It
is sort of like watching Hell’s production of A.R. Gurney’s Love Letters, because its correspondents
have certainly earned damnation. Utilizing a cache of previously unseen letters
and documents written by Heinrich Himmler and his family, documentarian Vanessa
Lapa paints an uncomfortably intimate portrait of the Holocaust architect. Himmler
proves just how banal evil can be in Lapa’s The
Decent One (trailer
here), which
opens this Wednesday at Film Forum.
The
U.S. servicemen dispatched to retrieve whatever documents remained in the
Himmler family safe kept them as souvenirs instead. Through some circuitous
route, they eventually came into Lapa’s possession. For a historian, they
represent a wealth of primary sources, but they should not stoke revisionist
fears.
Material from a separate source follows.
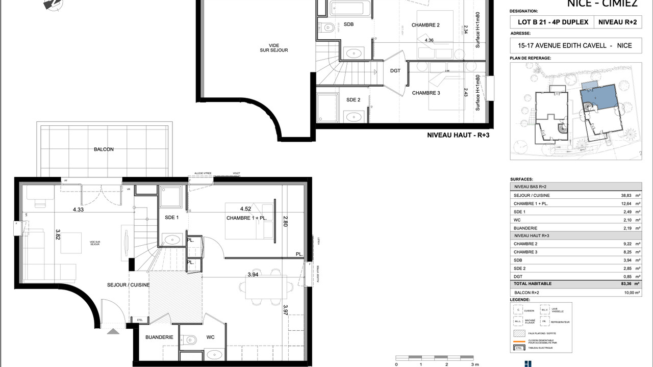 Located on top floor, it includes on the lower level the entrance, living room opening onto the terrace, kitchen with dining area, 1 bedroom with en-suite shower room, toilets, laundry room. On the upper level 2 bedrooms, a bathroom, a shower room, 1 toilets.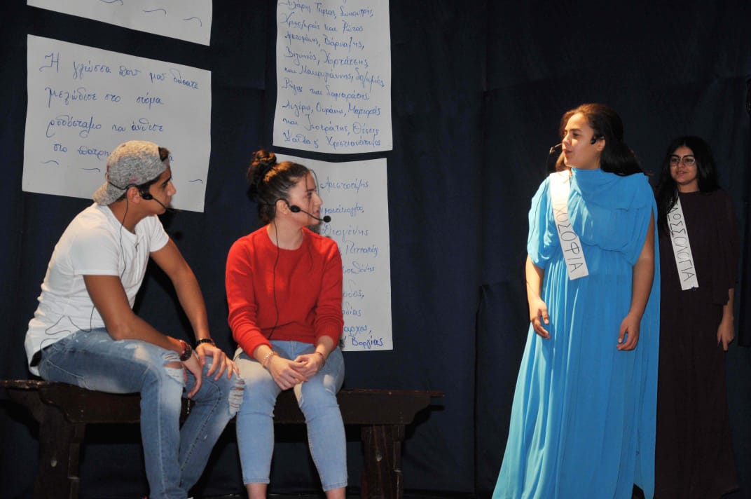 Ακολούθησε μελοποιημένη ποίηση, ανάγνωση κειμένων σε διάφορες γλώσσες, ένα πολύ επίκαιρο και κατά πολλά ενδιαφέρον θεατρικό δρώμενο από τους μαθητές της Α΄ Λυκείου του Αβερωφείου Σχολείου, τραγούδι και κείμενα σε μια υπέροχη απόδοση από τους μαθητές του Τοσίτσαιου Πρατσίκειου Δημοτικού Σχολείου, ενώ την παράσταση έκλεψε το Λύκειο των Ελληνίδων που καταχειροκροτήθηκε όταν οι μαθητές χόρεψαν με παραδοσιακές φορεσιές τον Ικαριώτικο.

Despite Himmler’s conscientious concern for their young daughter Gudrun,
Himmler’s letters to wife Margarete never ameliorate his guilt.
There
are moments when their domestic business is interrupted by shockingly off-hand
anti-Semitic pronouncements (often on Margarete’s part), but the first half of
the film largely consists of maddeningly prosaic correspondence and journal
entries. Still, when Himmler suggests he and Margarete should number their
letters, it arguably foreshadows his sinister efficiency (but it must have been
a great help to Lapa and her research team).
Not
to be spoilery, but Lapa eventually uses Himmler’s own words to establish his
knowledge and culpability with respects to the Holocaust. Of course, all
reasonable people of good conscience understand that already. She also exposes
the hypocrisy of his outward righteousness through letters to his longtime
mistress, but those are the least of his sins.
Frankly
the tangential approach of documentaries like Decent One risk losing sight of the big picture’s enormity. Perhaps
this generation really needs a documentary that launches a frontal assault,
overpowering the viewers with the scale and severity of suffering caused by the
National Socialists, especially considering the rise of anti-Semitism in
Western Europe and the Middle East.
Lapa’s
film is skillfully constructed and undeniably well intentioned, but it is
unlikely to inspire many epiphanies. It is good that greater historical
background and context is now easily available, but it probably should not be
the first or last film students see on National Socialist crimes against
humanity. Respectfully recommended for viewers who already have a strong
grounding in Holocaust history, The
Decent One opens this Wednesday (10/1) at New York’s Film Forum.